Promotion abuse covers different ways customers can take advantage of your promotional offers. Generally, this involves creating multiple accounts to access the same promotion more than once. This could be a signup or referral bonus, or voucher redemption.

Most of the time, customers don’t even think they’re doing something wrong. They just think they’re being creative. The trouble is promotion abuse often looks like growth. On the surface, you have happy loyal customers and an influx of new customers.

In fact, 42% of merchants actively accept promotion abuse as a cost of doing business. However, not only do these false promotions damage your bottom line, they skew customer acquisition costs and marketing metrics.

How to stay ahead of criminal customers

Stopping criminal customers largely involves taking actions to make first-party fraud harder and identifying repeat offenders. Let’s break this down.

  1. Set return thresholds: Select a number based on your industry standards. And then flag accounts that go over this threshold for further investigation or a returns ban.

  2. Build a case for disputes: When it comes to friendly fraud, remember that you can dispute chargebacks. Customer data allows you to track repeat behavior, and demonstrate customer involvement in the purchase and delivery process.

  3. Track connections with graph networks: Link analysis will allow you to monitor accounts and visualize connections between them. For example, if multiple new accounts appear with the same email address, device, or phone number, you could be looking at a serial promo abuser.

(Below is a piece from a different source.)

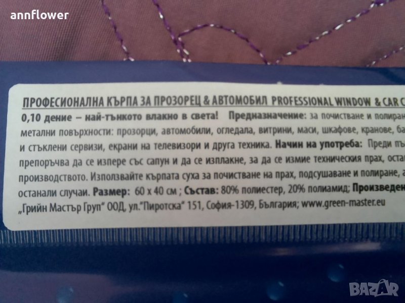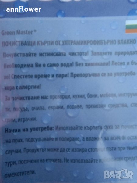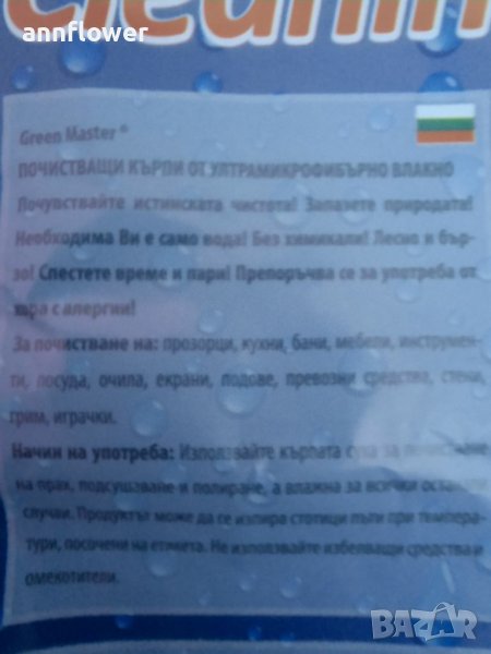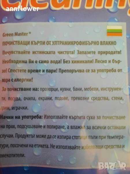 Как се използват кърпите? Когато кърпата е суха, прахта и замърсяванията се свързват на повърхността им чрез статично привличане. Затова може да се използва за почистване на прах, подсушаване и полиране. За почистване на петна от мазнини и всички останали случаи кърпата трябва да е влажна и замърсяванията се улавят, благодарение на капилярни сили на взаимодействие. Почистване и поддържане на кърпите Преди първата употреба се препоръчва да се изпере със сапун и да се изплакне, за да се измие техническия прах, останал в тъканта при производството. Кърпата се прегъва двукратно и по този начин получаваме 8 работни повърхности. Използвайте всяка една от тях, преди всяко изпиране. При почистване на грапави повърхности, внимавайте да не нарушите структурата на влакната. При изстискване не усуквайте кърпата прекалено. Може да се изпира стотици пъти при температури, посочени на етикета. Не използвайте избелващи средства и омекотители.

  4. Make committing fraud harder and more obvious: Small barriers may be enough to stop opportunistic criminal customers. Of course, this needs to be done without damaging genuine customer experiences and losing conversions. But simply making your refund policy clear, having an easy-to-contact customer service team and sending order updates will help.

Ravelin - Criminal Customer

Every criminal customer is unique, your solution needs to be too

There isn’t one solution to solving the criminal customer crisis. Opportunistic or misled individuals need to be handled very differently from malicious bad actors. However, in all cases, you are dealing with genuine customers who may also be legitimately buying your goods or services — so, you need to progress carefully.

Fundamentally, stopping criminal customers isn’t that different from fraud prevention as a whole. You need a solution that helps you fight fraud without damaging customer journeys. Effective use of customer data will help you do just that.